The second approach ascertains death status by using multiple sources. This approach first identifies a cohort of people with SCD and then links these people to death certificates to examine mortality outcomes and patterns.20-24 This approach has been prominent in epidemiologic studies from the Sickle Cell Data Collection (SCDC) program, which conducts population-level surveillance for SCD by using validated case definitions applied to integrated and deduplicated data from various sources.25,26 Recent SCDC studies have taken the multisource approach to examine the use of acute care in the last year of life, 27 create baseline death rates in newly established surveillance programs, 28 compare SCD death rates with rates in the general population, 29 and examine the prevalence of COVID-19–related deaths among people with SCD. 30
While these studies have improved our understanding of SCD-related mortality, the effect of differences in the 2 approaches for capturing mortality data among people with SCD warrants investigation.

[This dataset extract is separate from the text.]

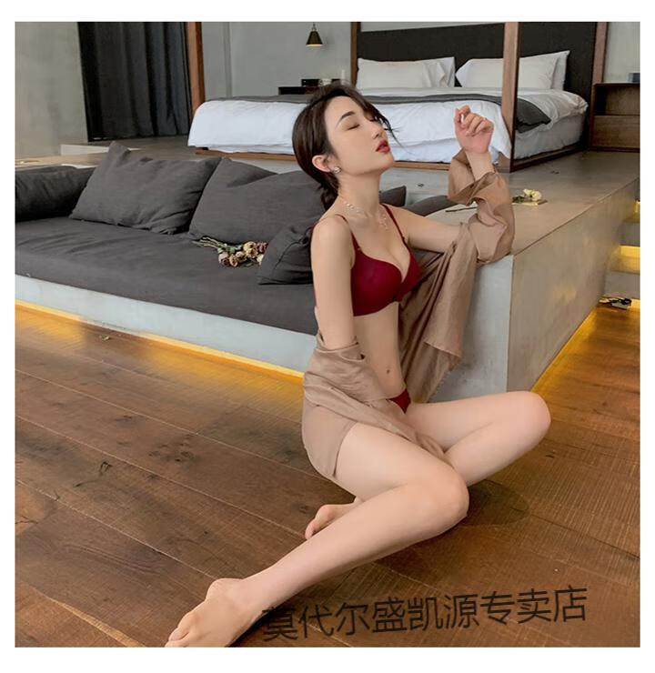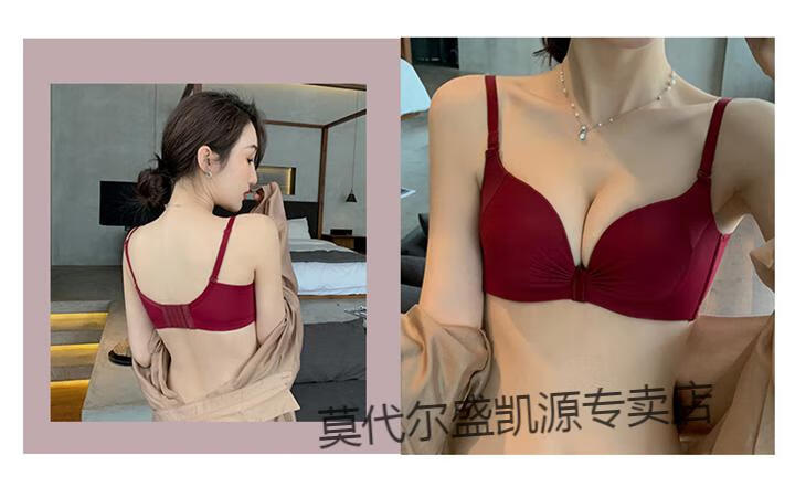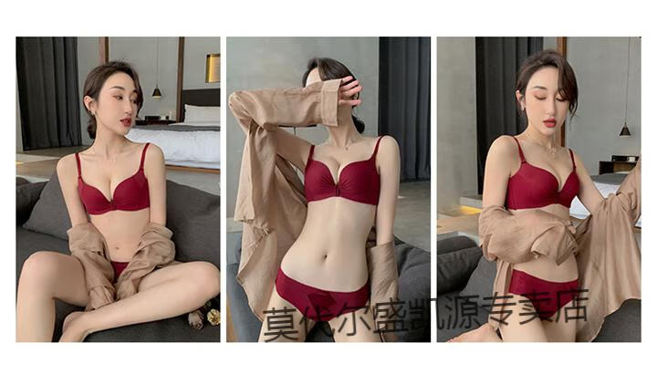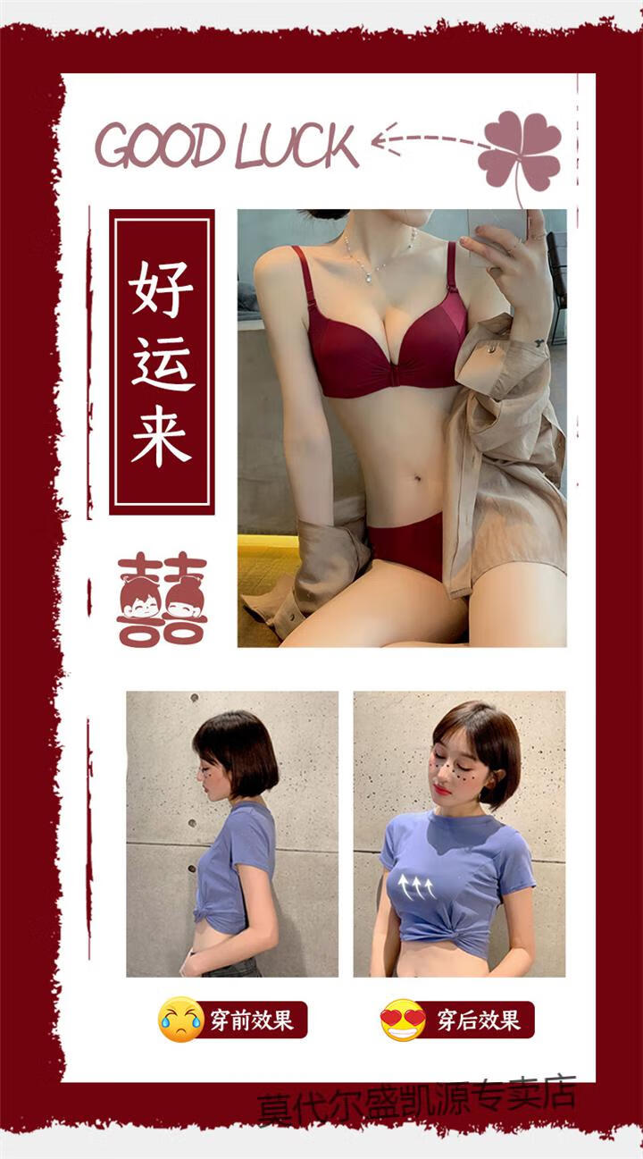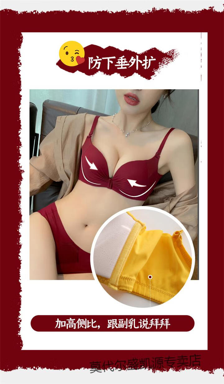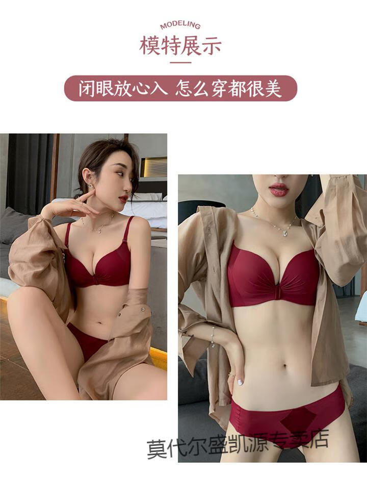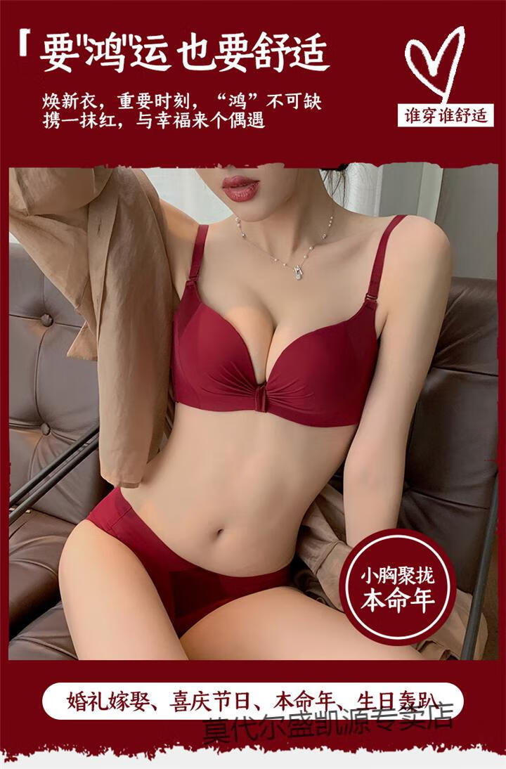 Modal Red Underwear Women's Small Breast Push Up Wedding Bride's Zodiac Year Women's Wireless Bra Panties Set Burgundy (Thin 1cm) Set 80B 80B

For example, a recent study found that multiple-source approaches identified twice as many people with SCD than did single-source datasets. 8 Therefore, previous research using death certificates alone may have underestimated or undercounted the number of deaths among people with SCD. In addition, death certificates may likely capture data on people with the most severe forms of SCD, because placement of SCD-related ICD codes on the death certificate requires clinical recognition 13 and known SCD status at the time of death by those completing the death record. As a result, research using multiple sources of data versus a single source likely captures a broader population of people with SCD, and the distribution of the causes of death may differ between the approaches.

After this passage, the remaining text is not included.